╭─ Records for this task
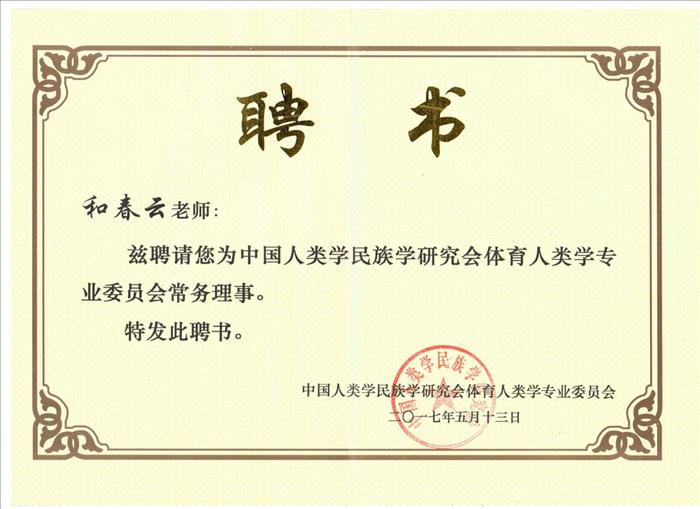 中国人类学民族学研究会体育人类学专业委员会成立大会暨首届学术研讨会,5月13日在中央民族大学召开。来自全国42所科研单位、高等院校的人类学、体育学等领域近百位各级领导、专家学者和博士研究生参加了会议。WilliamHill官网体育人类学研究中心和春云教授及和永杰老师受邀请参加了会议,并作了题为《无量河流域东巴舞蹈的田野调查——体育人学身体动作分析法的创新与实践》的论文报告。会议期间,和春云教授作为评议专家参加了民族传统体育田野个案研究专题论文报告会。同时,被聘为中国体育人类学专业委员会常务理事。
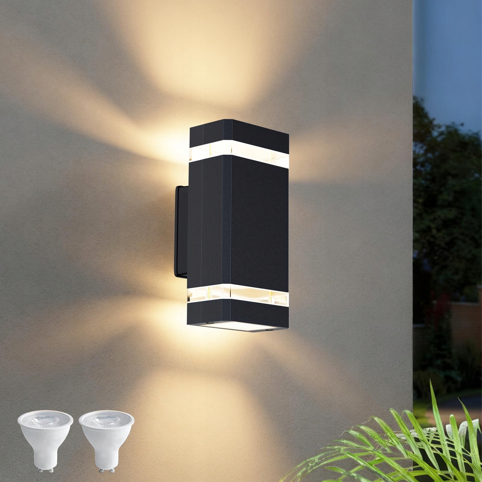 Aipsun Lampa zewnętrzna na ścianę, IP65 Lampa zewnętrzna kinkiet GU10 góra-dół 3000K, LED kinkiet lampa ścienna na zewnątrz - Lampa zewnętrzna oświetlenie garażu i korytarza | Antracyt
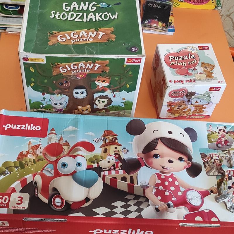 1. Пазли Puzzlika 3в1 Щасливі історії на 9, 12, 25 елементів - 200 грн. 2. Пазли гіганти Trefl Звірята 30 елементів - 115 грн. 3. Пазли Trefl Пори року 60 елементів - 100 грн
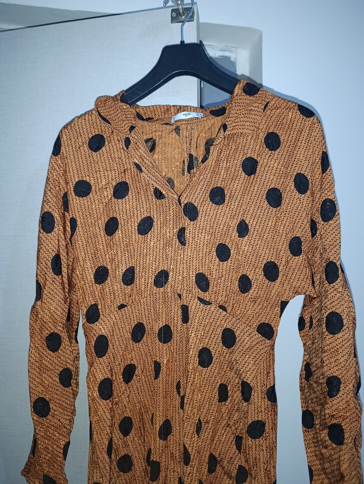 Yumuşak keten kumaştan, düğmeli ön ve V yaka detaylı, bol kesim uzun boy puantiyeli hamile bluz. Koyu kahverengi ve siyah renklerde, vintage bohem stilini yansıtır.
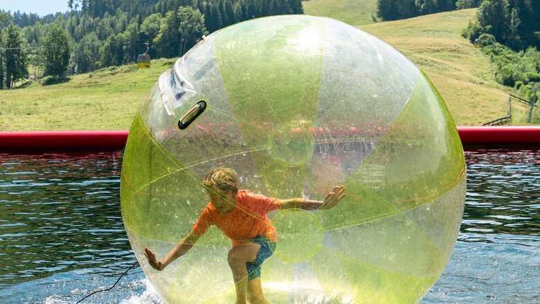 Übers Wasser laufen? Ganz ohne nass zu werden? Was nach einem biblischen Wunder klingt, ist ein toller Sommerspaß für Groß und Klein. In unseren Wasserbecken könnt ihr in riesige Bälle steigen und einfach übers kühle Nass spazieren.
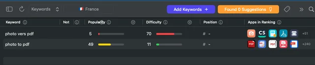 photo to pdf→ популярность ~40photo vers pdf(французский эквивалент) → популярность ~5
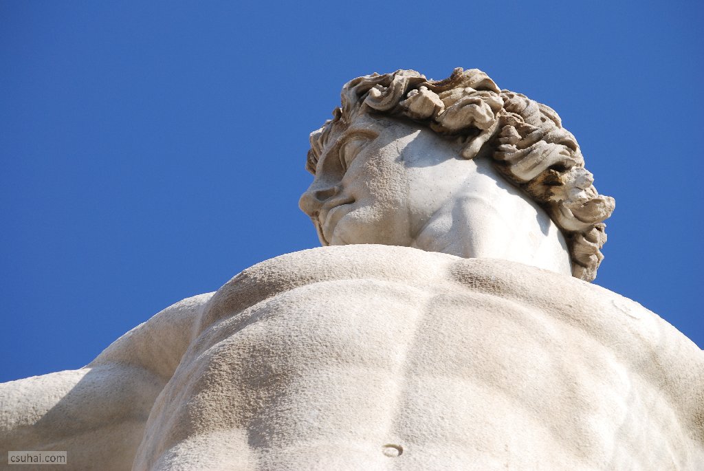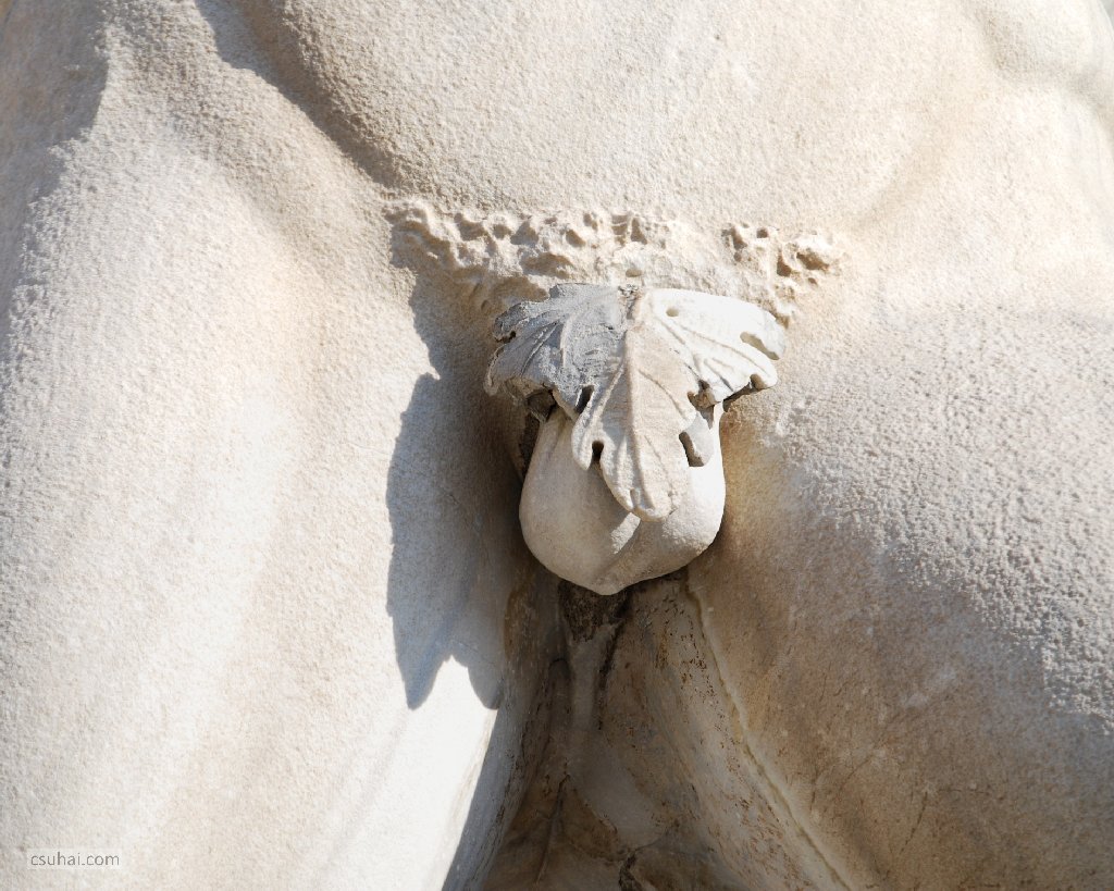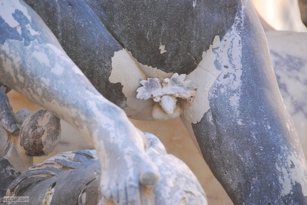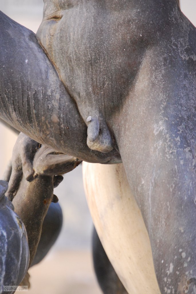 Szinte érzem, ahogy férfiolvasóim e pillanatban összerántják térdüket, ölben meggörnyednek (és erre lesz még okuk pár kép múlva is). Azt is elfogadom, hogy amit ma itt látunk, az az elmúlt 5–10–15 év rongálása, vagy a városi szennyezés olyan eredménye, amiben semmi szerepe nincs a közvetlen szándékosságnak. De az egész azt is érzékelteti, hogy a köztéri aktszobor koronként állandó mozgásban, változásban van, prüdéria és szabadosság csapatai harcban állnak, hogy adott időben vajon éppen mi tehető közszemlére és mi minősül rejtegetni valónak. És talán nem túlzok, ha azt állítom, hogy ami ma ebben az intim szoborban, hozzá illő elhelyezésében olyan finoman benne van, annak nincs sok köze della Portához vagy Landinihez. Közhely, hogy a meztelenség nyilvánosságra hozatalához a középkor kezdetétől a XVII. századig tiltások és tabuk kötődtek; közhely az is, hogy ezt a szigort éppen az egyházi művészet kezdte oldani. Könnyen elképzelhető tehát, hogy az 1580-as évekhez, eredeti megformálásához képest ez a gyönyörű, homoerotikus kútszobor évszázadonként akár jelentősen is át-átalakult — és ma éppen ilyen a megjelenése; azért látjuk ilyennek, mert több mint négy évszázad jelentésadása rakódott rá. A hiányzó fügefalevél/szeméremszőrzet mindössze finom jelzése ennek az állapotnak.
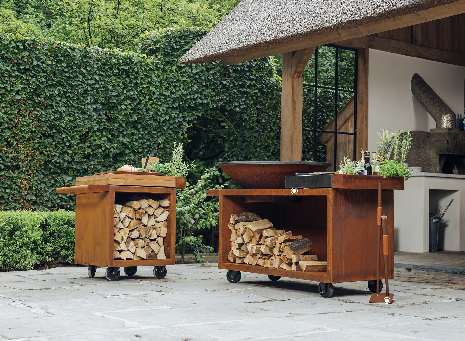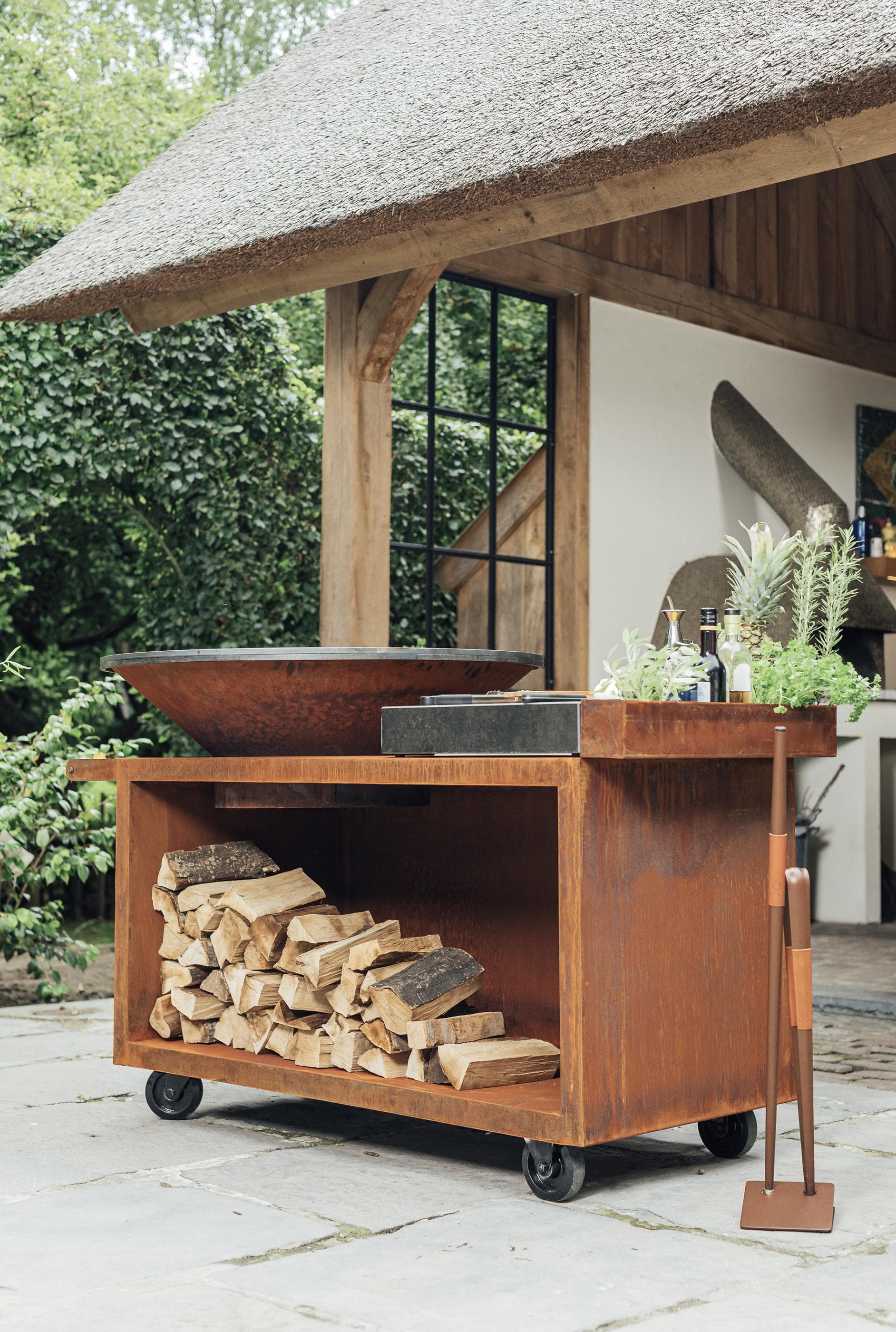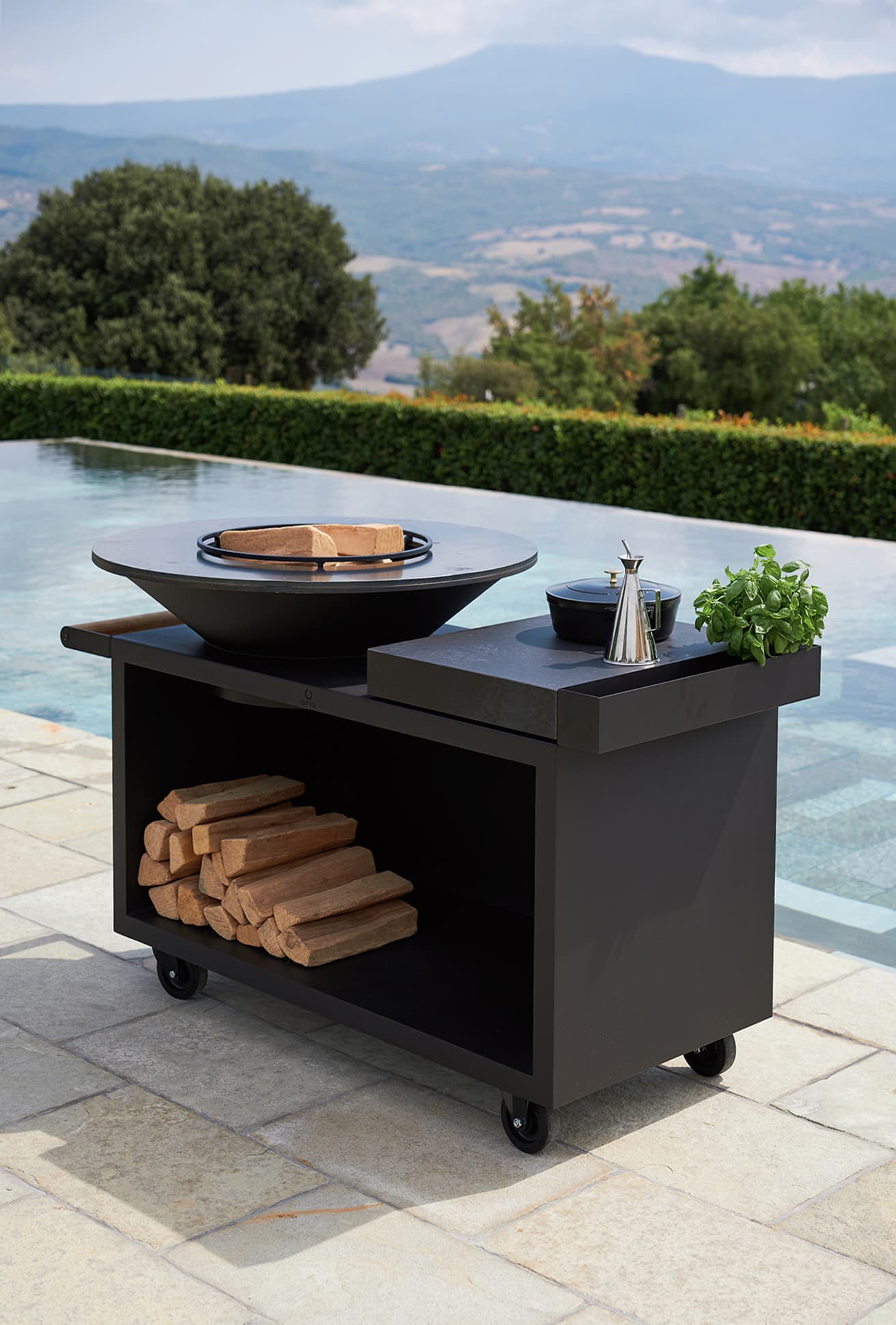 The OFYR Island 100 PRO is a mobile all-in-one outdoor kitchen. This unit is practical, stylish, compact and easy to move around your outdoor space. Apart from the cooking unit, the Island 100 PRO has a worktop, tool tray and storage space underneath the cone. Available in 100 cm, with a teak wood or dark grey ceramic worktop.
╰─
What you will do = Leave out the pictures and return the rest of the records exactly.

Output =
 中国人类学民族学研究会体育人类学专业委员会成立大会暨首届学术研讨会,5月13日在中央民族大学召开。来自全国42所科研单位、高等院校的人类学、体育学等领域近百位各级领导、专家学者和博士研究生参加了会议。WilliamHill官网体育人类学研究中心和春云教授及和永杰老师受邀请参加了会议,并作了题为《无量河流域东巴舞蹈的田野调查——体育人学身体动作分析法的创新与实践》的论文报告。会议期间,和春云教授作为评议专家参加了民族传统体育田野个案研究专题论文报告会。同时,被聘为中国体育人类学专业委员会常务理事。
 Aipsun Lampa zewnętrzna na ścianę, IP65 Lampa zewnętrzna kinkiet GU10 góra-dół 3000K, LED kinkiet lampa ścienna na zewnątrz - Lampa zewnętrzna oświetlenie garażu i korytarza | Antracyt
 1. Пазли Puzzlika 3в1 Щасливі історії на 9, 12, 25 елементів - 200 грн. 2. Пазли гіганти Trefl Звірята 30 елементів - 115 грн. 3. Пазли Trefl Пори року 60 елементів - 100 грн
 Yumuşak keten kumaştan, düğmeli ön ve V yaka detaylı, bol kesim uzun boy puantiyeli hamile bluz. Koyu kahverengi ve siyah renklerde, vintage bohem stilini yansıtır.
 Übers Wasser laufen? Ganz ohne nass zu werden? Was nach einem biblischen Wunder klingt, ist ein toller Sommerspaß für Groß und Klein. In unseren Wasserbecken könnt ihr in riesige Bälle steigen und einfach übers kühle Nass spazieren.
 photo to pdf→ популярность ~40photo vers pdf(французский эквивалент) → популярность ~5
 Szinte érzem, ahogy férfiolvasóim e pillanatban összerántják térdüket, ölben meggörnyednek (és erre lesz még okuk pár kép múlva is). Azt is elfogadom, hogy amit ma itt látunk, az az elmúlt 5–10–15 év rongálása, vagy a városi szennyezés olyan eredménye, amiben semmi szerepe nincs a közvetlen szándékosságnak. De az egész azt is érzékelteti, hogy a köztéri aktszobor koronként állandó mozgásban, változásban van, prüdéria és szabadosság csapatai harcban állnak, hogy adott időben vajon éppen mi tehető közszemlére és mi minősül rejtegetni valónak. És talán nem túlzok, ha azt állítom, hogy ami ma ebben az intim szoborban, hozzá illő elhelyezésében olyan finoman benne van, annak nincs sok köze della Portához vagy Landinihez. Közhely, hogy a meztelenség nyilvánosságra hozatalához a középkor kezdetétől a XVII. századig tiltások és tabuk kötődtek; közhely az is, hogy ezt a szigort éppen az egyházi művészet kezdte oldani. Könnyen elképzelhető tehát, hogy az 1580-as évekhez, eredeti megformálásához képest ez a gyönyörű, homoerotikus kútszobor évszázadonként akár jelentősen is át-átalakult — és ma éppen ilyen a megjelenése; azért látjuk ilyennek, mert több mint négy évszázad jelentésadása rakódott rá. A hiányzó fügefalevél/szeméremszőrzet mindössze finom jelzése ennek az állapotnak.
 The OFYR Island 100 PRO is a mobile all-in-one outdoor kitchen. This unit is practical, stylish, compact and easy to move around your outdoor space. Apart from the cooking unit, the Island 100 PRO has a worktop, tool tray and storage space underneath the cone. Available in 100 cm, with a teak wood or dark grey ceramic worktop.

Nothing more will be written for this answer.